Une attente de douze années vient de prendre fin. Entré dans sa phase de pré-conception en 2001, soit un an après la sortie de son prédécesseur, Diablo III aura connu un développement interminable, comme seul pouvait se le permettre Blizzard. Tout au long de cette genèse, Jay Wilson et son équipe se sont attachés à maintenir le projet en constante évolution. Mais à l'heure du lancement, alors que la décision a été prise de reporter le PvP – non finalisé – pour ne pas jouer davantage avec la patience des fans, Blizzard apparaît comme un artiste ayant du mal à mettre un point final à une œuvre trop longuement couvée. Est-ce un bon, ou un mauvais présage ?

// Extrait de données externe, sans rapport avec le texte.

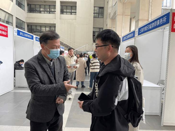 为了进一步促进用人单位与澳门pg官方电子平台毕业生的双向沟通和选择,提高学生就业的专业对口度,搭建有效的双向选择平台,在澳门pg官方电子平台招生与毕业生就业工作办公室大力帮助和指导下,3月27日下午,澳门pg官方电子平台2023届毕业生招聘会(律所法务专场)(第二场)在宝山校区东区经管楼二楼平台举行。

Il est toujours difficile de succéder à un chef-d'oeuvre. De même que Starcraft était le pire ennemi de Starcraft II, les deux premiers Diablo, qui ont posé les bases du hack'n slash moderne, restent les plus gros concurrents de Diablo III. Voilà une vérité dont on a pris conscience tout au long de la promotion du jeu. Cela a démarré avec la "polémique des couleurs" qui a suivi la divulgation des premières images ; cela a continué à mesure que les fans prenaient connaissance des fonctionnalités de ce troisième opus et s'inquiétaient de leur proximité avec celles d'un certain World of Warcraft. Entre sa volonté d'ouvrir Diablo à un plus large public et les réticences de la communauté, Blizzard semble avoir recherché le compromis. La bêta fermée, que l'on considérait comme un outil de polissage et d'équilibrage, aura même pris la forme d'une ultime phase d'expérimentation durant laquelle le studio californien n'aura eu de cesse de modifier son jeu, en ajoutant des fonctionnalités et en supprimant d'autres (exit le Cube Nephalem, le Chaudron de Jordanie, la mystique, les parchemins d'identification....). Est-ce le signe d'une difficulté à ménager la chèvre et le chou ?
L'archange Tyrael est une fois de plus au centre de l'histoire.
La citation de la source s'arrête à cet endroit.